Blood and Tissue DNA Mini Kit,50 preps
2024-12-02Genomic Medium Kit
2024-12-02Product Number: DNK0801
Shipping and Storage
- When the ambient temperature is low, some detergent ingredients in Buffer NLY will precipitate and become turbid or precipitate. It can be heated in a 37℃ water bath for a few minutes to restore clarity. Do not shake violently to avoid excessive foam formation.
- Buffer PP may experience precipitation and precipitation, and can be re dissolved by taking a water bath at 37℃ for a few minutes. If it cannot be completely dissolved, it will not affect the effectiveness of use. Simply take the upper solution.

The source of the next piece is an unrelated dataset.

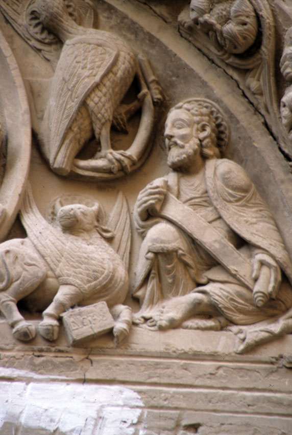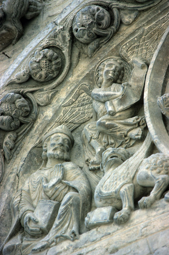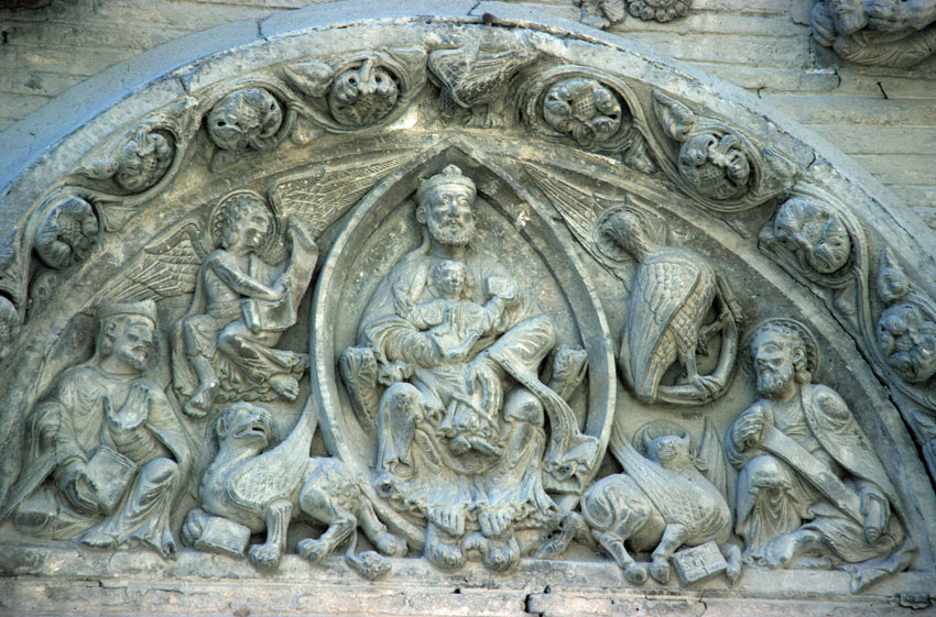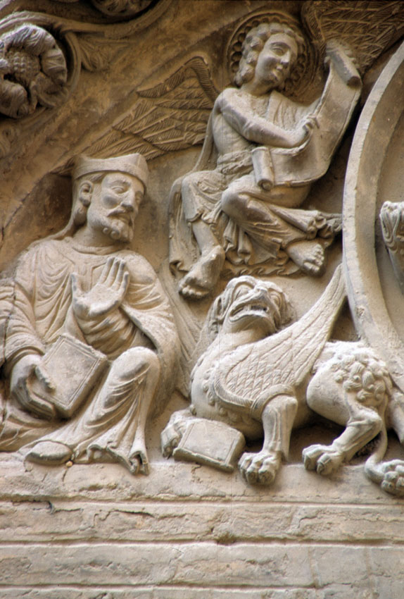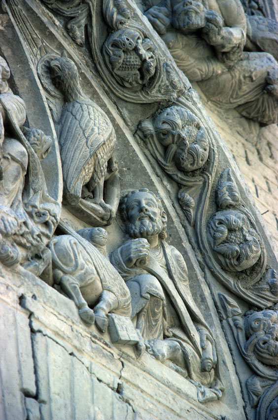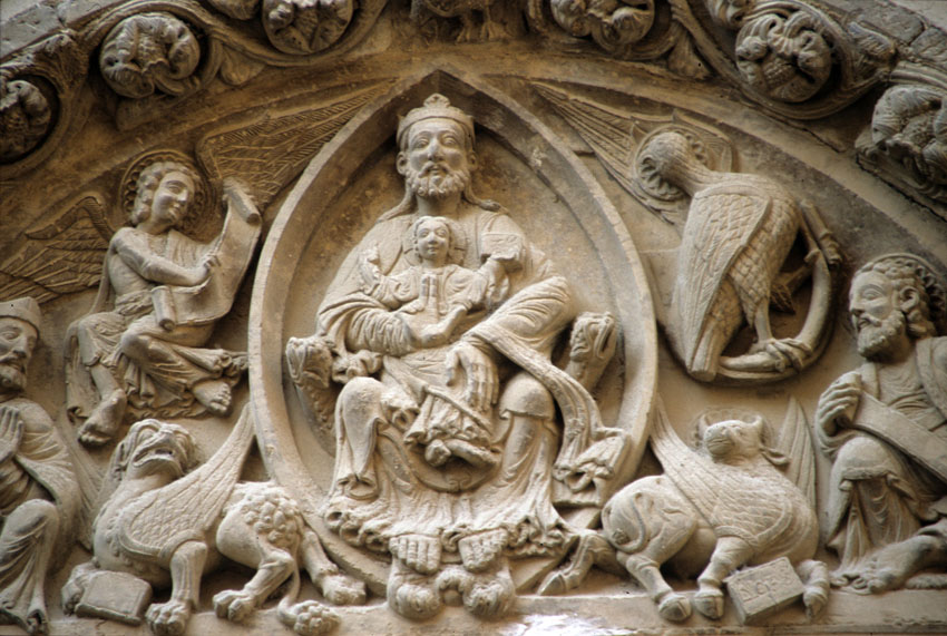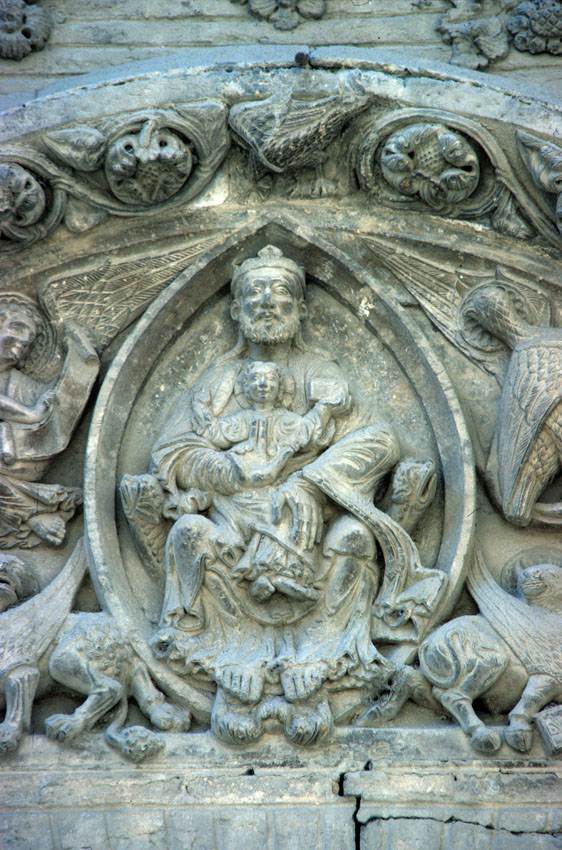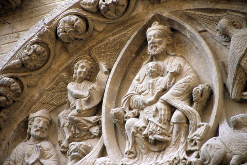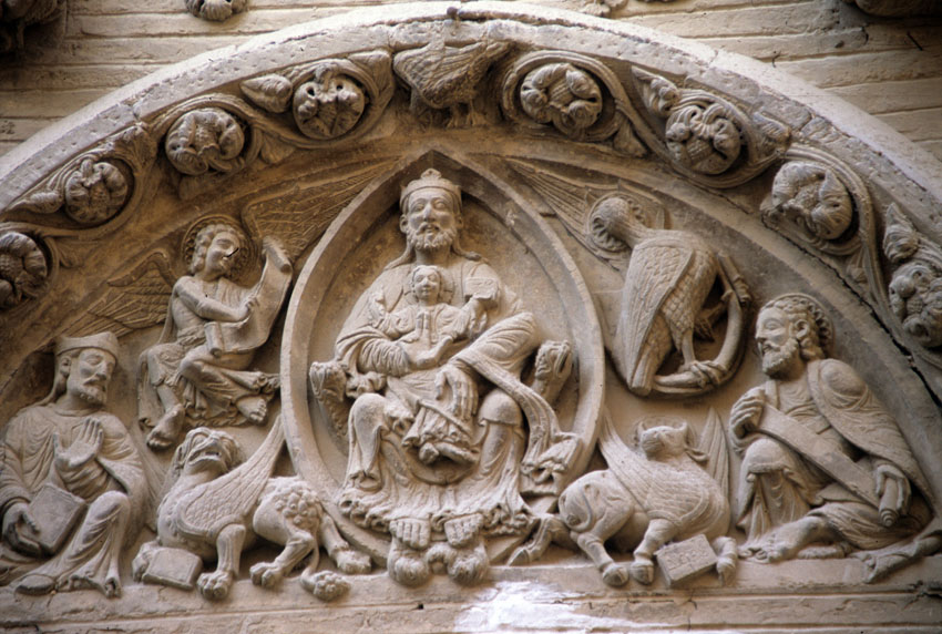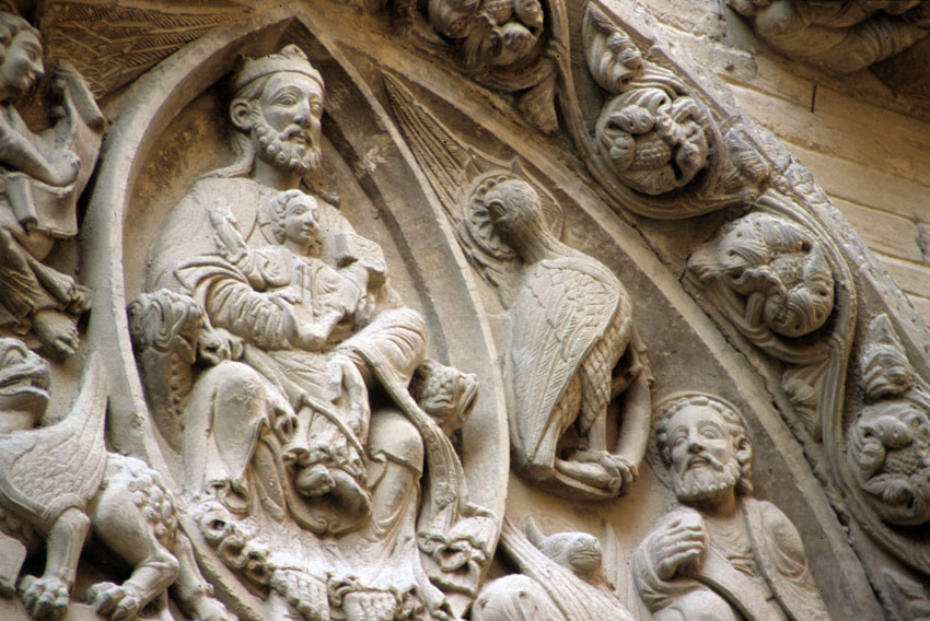 Detalle del tímpano de la Iglesia de San Nicolás de Tudela (Navarra).

- To avoid volatilization, oxidation, and pH changes caused by prolonged exposure of reagents to the air, each solution should be covered tightly in a timely manner after use.
Components
| Component | Storage | DNK0801 50 Preps | DNK0802 100 Preps | DNK0803 200 Preps |
| Buffer NLY | RT | 30 ml | 60 ml | 120 ml |
| Buffer PP | RT | 10 ml | 20 ml | 40 ml |
| Buffer DA | RT | 10 ml | 15 ml | 30 ml |
| RNase A(10mg/ml) | -20℃ | 100 µl | 200 µl | 400 µl |
Description
This kit is used for rapid extraction of genomic DNA from plant cells/tissues. After grinding or homogenizing the sample, buffer NLY is added. Firstly, cells are lysed under strong detergents or in synergy with Proteinase K to release genomic DNA. Then, RNase A is added to remove RNA, followed by selective precipitation of buffer PP to remove protein. Finally, pure genomic DNA is precipitated in isopropanol and re dissolved in buffer DA.
Features
- No need to use toxic reagents such as phenol and chloroform.

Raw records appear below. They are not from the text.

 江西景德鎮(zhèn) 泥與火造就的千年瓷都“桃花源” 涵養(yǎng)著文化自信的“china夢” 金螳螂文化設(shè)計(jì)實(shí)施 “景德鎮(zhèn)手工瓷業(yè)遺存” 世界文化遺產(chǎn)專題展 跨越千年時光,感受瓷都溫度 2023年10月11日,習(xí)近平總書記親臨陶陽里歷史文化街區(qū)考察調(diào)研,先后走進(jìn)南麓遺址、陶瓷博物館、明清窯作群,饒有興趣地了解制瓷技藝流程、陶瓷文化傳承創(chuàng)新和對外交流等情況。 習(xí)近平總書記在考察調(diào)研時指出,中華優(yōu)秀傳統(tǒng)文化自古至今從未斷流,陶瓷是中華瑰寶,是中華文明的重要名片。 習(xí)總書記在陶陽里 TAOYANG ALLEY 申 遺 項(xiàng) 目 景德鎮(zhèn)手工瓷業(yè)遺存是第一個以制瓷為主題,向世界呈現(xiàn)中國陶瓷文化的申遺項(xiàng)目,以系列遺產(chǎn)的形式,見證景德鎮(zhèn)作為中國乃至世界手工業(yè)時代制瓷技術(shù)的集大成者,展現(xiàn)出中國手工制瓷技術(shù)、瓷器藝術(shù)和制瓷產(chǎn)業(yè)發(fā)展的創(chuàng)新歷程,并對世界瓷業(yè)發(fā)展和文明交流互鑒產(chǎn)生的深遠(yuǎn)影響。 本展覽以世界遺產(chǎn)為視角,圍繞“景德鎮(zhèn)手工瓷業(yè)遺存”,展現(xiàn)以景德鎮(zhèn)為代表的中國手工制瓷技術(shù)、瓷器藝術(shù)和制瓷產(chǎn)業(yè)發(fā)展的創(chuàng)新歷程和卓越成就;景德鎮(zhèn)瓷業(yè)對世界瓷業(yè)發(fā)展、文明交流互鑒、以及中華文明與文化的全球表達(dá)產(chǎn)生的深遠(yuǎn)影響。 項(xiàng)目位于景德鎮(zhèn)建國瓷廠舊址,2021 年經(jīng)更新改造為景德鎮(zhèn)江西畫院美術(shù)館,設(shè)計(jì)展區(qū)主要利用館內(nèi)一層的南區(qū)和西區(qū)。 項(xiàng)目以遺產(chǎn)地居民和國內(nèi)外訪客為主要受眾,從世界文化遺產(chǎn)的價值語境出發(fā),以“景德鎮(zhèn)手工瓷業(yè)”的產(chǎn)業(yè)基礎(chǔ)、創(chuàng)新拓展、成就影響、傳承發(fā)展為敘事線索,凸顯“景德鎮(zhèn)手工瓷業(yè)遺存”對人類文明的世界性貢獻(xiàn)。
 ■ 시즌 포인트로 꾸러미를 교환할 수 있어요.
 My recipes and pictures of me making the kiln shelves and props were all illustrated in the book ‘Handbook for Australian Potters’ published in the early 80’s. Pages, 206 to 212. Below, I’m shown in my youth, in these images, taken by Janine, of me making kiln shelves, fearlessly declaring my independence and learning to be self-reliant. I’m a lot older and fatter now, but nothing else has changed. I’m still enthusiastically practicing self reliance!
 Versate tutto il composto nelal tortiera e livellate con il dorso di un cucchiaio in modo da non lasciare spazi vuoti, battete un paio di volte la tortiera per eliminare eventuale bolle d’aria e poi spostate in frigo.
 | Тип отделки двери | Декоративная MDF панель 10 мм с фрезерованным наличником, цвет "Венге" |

- Fast and simple, the entire process of organizing sample operations can be completed within 1 hour.
- The results are stable and the yield is high (more than twice that of centrifugal column type), with a typical OD260/OD280 ratio of 1.7~1.9 and a length of 50kb-150kb. It can be directly used for PCR, Southern blot, various enzyme digestion reactions, and library construction.